Yes, a steep rise in interest rates will hurt some mortgage-holders, especially those who borrowed to the hilt on the assumption that anomalously low rates would carry on forever. Yes, it will kill off some of the zombie enterprises that came into existence on the back of cheap money. But it will allow growth to resume on a sustainable basis.
The rise in interest rates, like the fall in spending, is as ineluctable as the changing of the seasons. Yet, rather than face facts, we cast around for someone to blame. Hence the constant assertions by Labour that the Kwasi Kwarteng “crashed the economy” with the mini-budget.
Objectively, this is about as silly a claim as you could make. In what sense has the economy been crashed? Has unemployment risen? Has the stock exchange collapsed? Are we in recession? Of course not. The ONS has in fact just uprated its growth forecast, and the IMF now admits that Kwarteng’s reforms will boost growth.

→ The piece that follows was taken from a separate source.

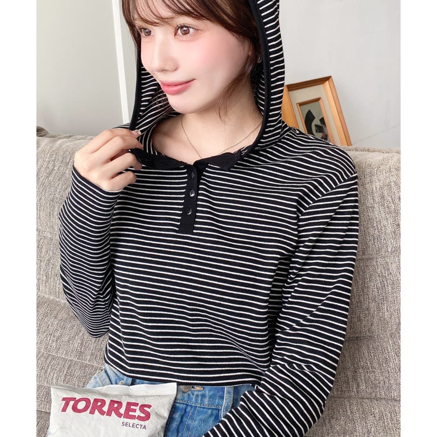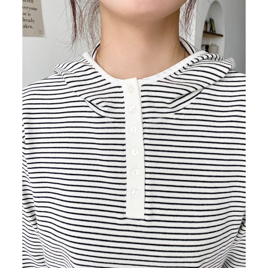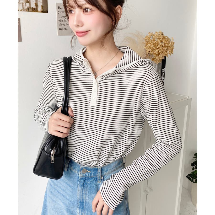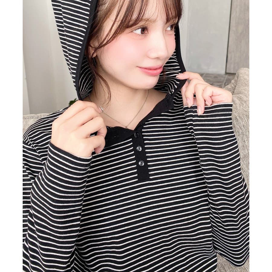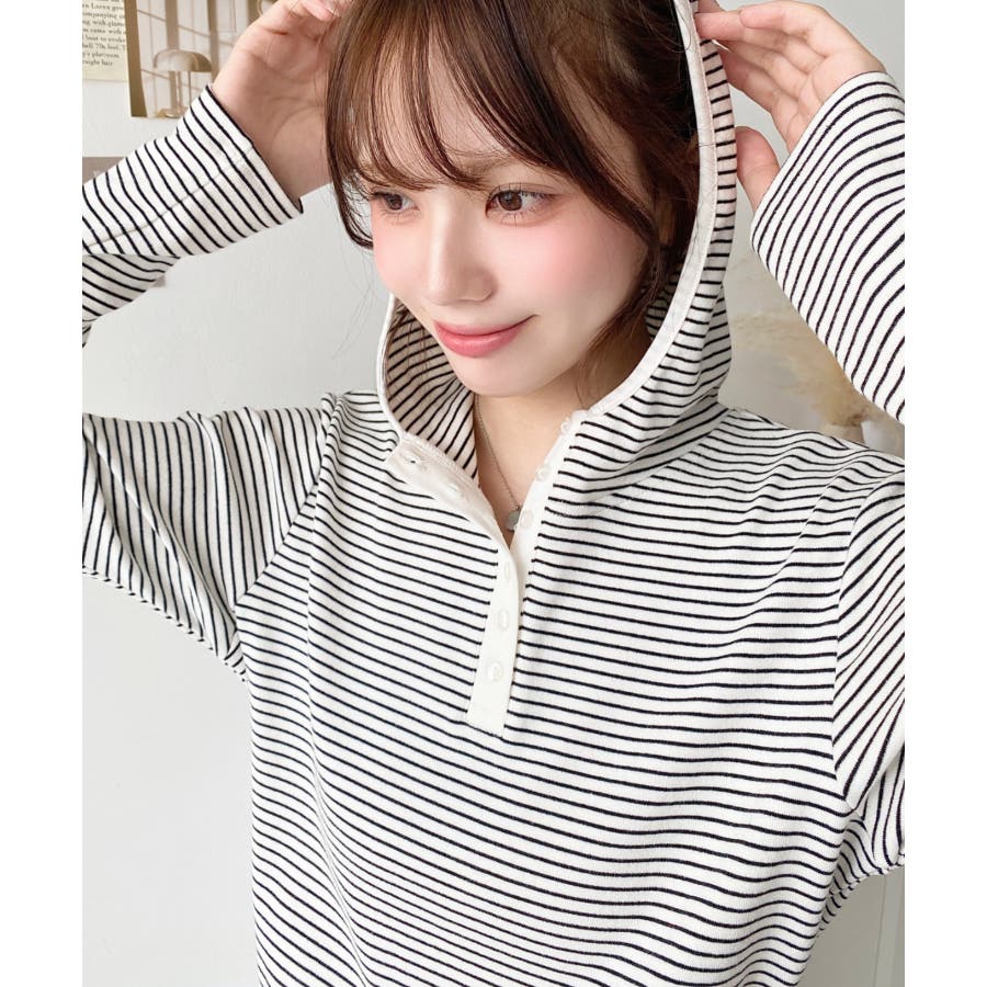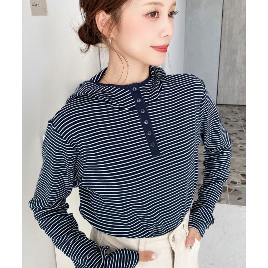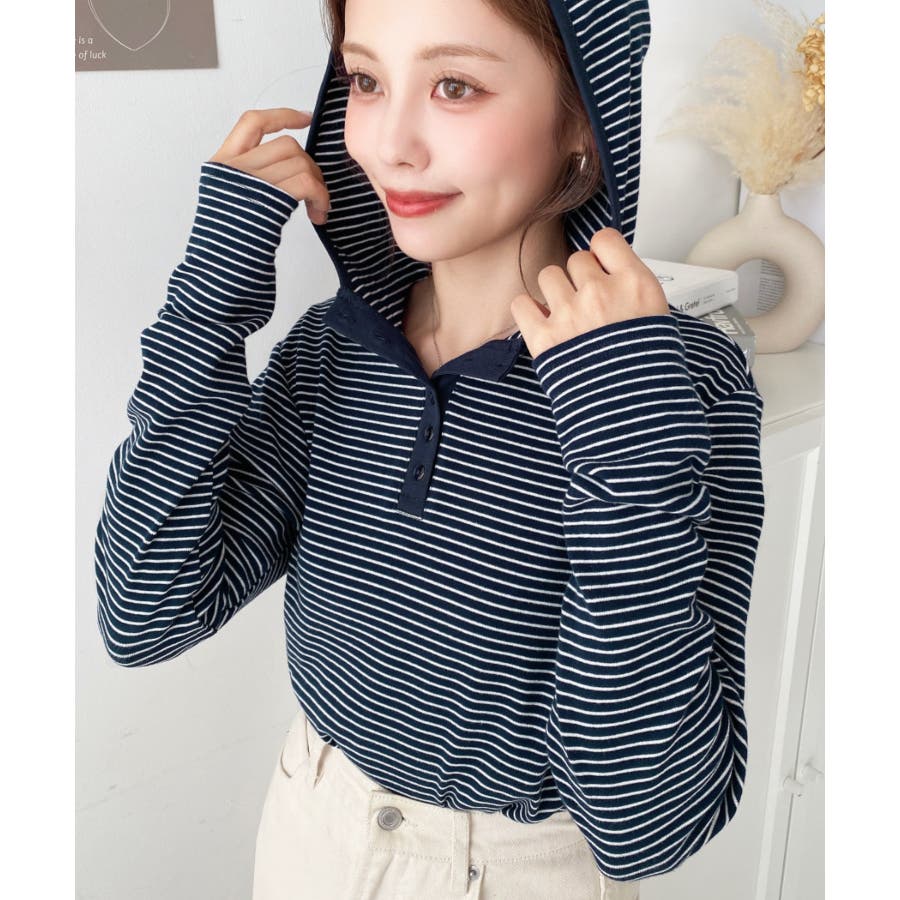 ・ヘンリーネックのボーダーTシャツをとフードの組み合わせでこなれ感のあるカジュアカットソーです♪
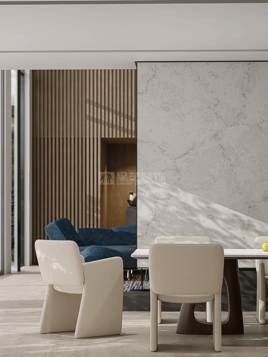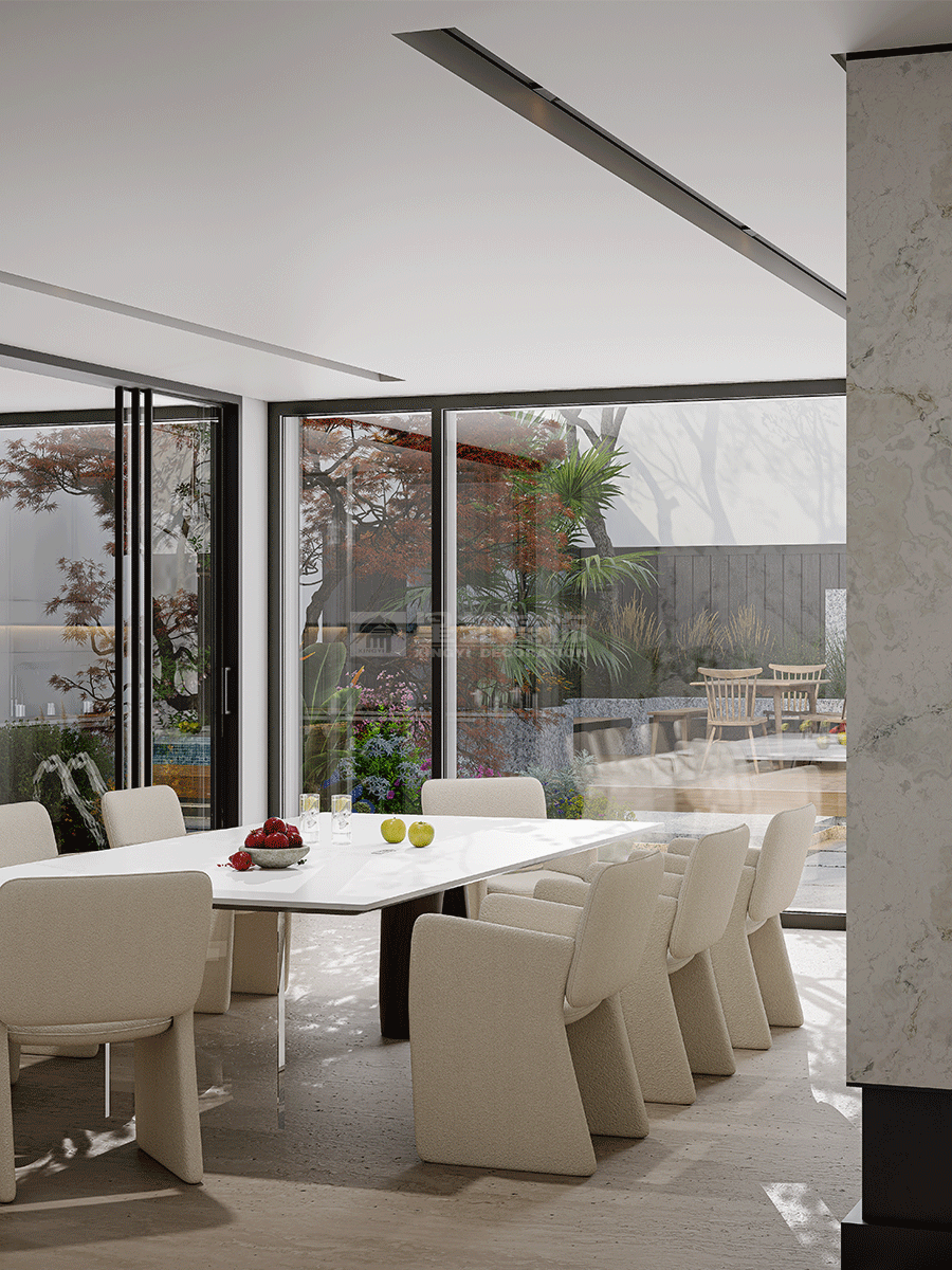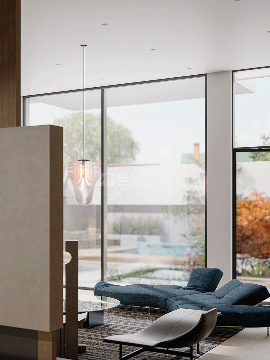 人与空间的关系,同样追寻着对外界环境的灵感启发,以此回应内在精神的真挚感受。宽广的视野、和煦的微风、轻柔的阳光,从自然中求索,去溯源万物初开的广阔画卷,静享一份神往。设计致力打破内外界限,让自然与时间能够真正流入到空间内部,极简之上构建另一层深度的内容,去探讨设计更本质的意义。空间在横向界面上尽可能采取极大幅度的自由,组织流畅的块面关系和生活动线,依循江景衍生出流动且开阔的布局。沙发摆放以景色为参考主线,配合大面积极窄窗,制造界限的模糊,增强人与环境的觉察力,同时也造就了这个可生长的有机空间。

But blaming the Tories is a useful displacement activity, a way of avoiding the disquieting thought that we are still due an almighty reckoning for the lockdowns.
Eventually, that truth will become inescapable. You can avoid reality, but you cannot escape the consequences of avoiding reality. In the Seventies, the consequences took the form of an IMF bailout – the only time in our history that even the NHS budget was cut.
Perhaps something similar will happen this time: a Labour government, a sterling crisis, and a full-scale collapse. Or maybe, just maybe, we can begin the necessary changes now.
Heath or Thatcher? We’ll find out soon enough.